With Odyssey you are travelling with a maximum of 12 passengers, accompanied by an experienced tour leader and pilot, which gives you access to remote places of unimaginable beauty and diverse unique experiences away from the well-trodden tourist path where large groups can’t go and big planes simply can’t land.
On Odyssey’s Kimberley, Purnulul, Tiwi Islands and Arnhem Land tour, we begin with a two-day adventure with a scenic flight departing Kununurra, taking you on an unforgettable journey over the Ord River, Lake Argyle, Lissadell Station, Texas Downs Station, the Osmand Ranges, and a stunning circuit over the Bungle Bungle Range.
After landing in Purnululu National Park, you will be met by your informative guide, who will lead you on a tour of the famous orange and black banded domes, as well as a walk into Cathedral Gorge.
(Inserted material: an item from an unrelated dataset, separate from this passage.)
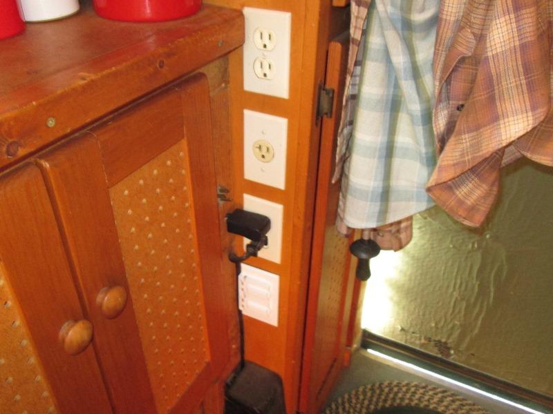 The exterior truck plug and over head lights an issue. Simply can no longer easily get between the 2. I can disconnect but cant retrieve or replace the branch wire that goes up to plug from current route. Well not without some deconstruction-cutting in a new box-not worthwhile. The wires run thru outside receptacle but also thru separate surface mount switch. The feed is to a overhead receptacle, the overhead lights plug in. I can run new wire up to it from the front side down, but the existing feed? I could put another box and abandon & terminate the current feed in it, wouldn't disturb exiting plug and switch. Hmm Then I realized I could split the existing receptacle, one half of receptacle feed from hot line. Leave everything as is, simply run new wire up to feed the other half of receptacle with switched feed to plug in lights! Cool and simple. Well easy solve, running new wire in wall took a bit, tapped switched line. Half of overhead receptacle feeding lights that are on main kill switch. The other half always hot, mostly a safe termination for end of hot line without redoing stuff. Good place for phone charger.

Once you have reached Cathedral Gorge, you can enjoy a fresh picnic lunch in the shade of the towering cliffs surrounding you.
Once returning from this walk, you will arrive at Bungle Bungle Savannah Lodge, where you can relax in the privacy of your ensuite cabin, or else take a dip in the only pool located within the national park. A chef-prepared dinner is served that evening in the Lodge dining area or can be eaten outside under the starry night sky, by the warmth of the outdoor fire pit.
The next morning, you will be driven to the northern end of Purnululu National Park, where you will spend the day exploring Echidna Chasm and nearby trails alongside your guide. Lunch is provided again on this day.
The following leg of our journey takes us to the World Heritage Listed Purnululu National Park (Bungle Bungles). The Bungle Bungle Range is renowned for its striking orange and grey horizontal banded domes. The distinctive beehive-shaped landforms have been produced by uplift and erosion over the last 20 million years.
The Bungle Bungles are, by far, the most outstanding example of cone karst in sandstones anywhere in the world and owe their existence and uniqueness to several interacting geological, biological, erosional and climatic phenomena. The sandstone karst of Purnululu National Park is of great scientific importance in demonstrating so clearly the process of cone karst formation on sandstone – a phenomenon recognized by geomorphologists only recently and still not completely understood. The Bungle Bungle Ranges of the Park also display to an exceptional degree evidence of geomorphic processes of dissolution, weathering and erosion in the evolution of landforms under a savannah climatic regime within an ancient, stable sedimentary landscape.
We return to Kununurra in the late afternoon with aerial views of the Argyle Diamond Mine, Ragged Ranges and Carr Boyd Ranges.
We will also experience a scenic fixed wing flight over the Mitchell Plateau and the incredible Mitchell Falls. The scenery from the air is remarkable, and it gives us a great perspective before seeing it on the ground for afternoon tea.
We continue on along the coast of the Kimberley at between 500 -4500 ft above sea level. The group sees from the Air many of the highlights of this fascinating region of Australia and learns about the deep history and colonial activity of the region. We pass over the Pearl farms and laboratories as well as remote lodges along the coast, looking below for the wildlife of the ocean in the shallow seas below before turning at the Gulf of Cambridge to follow at a low level the mighty Ord River from the historic township of Wyndham back to Kununurra.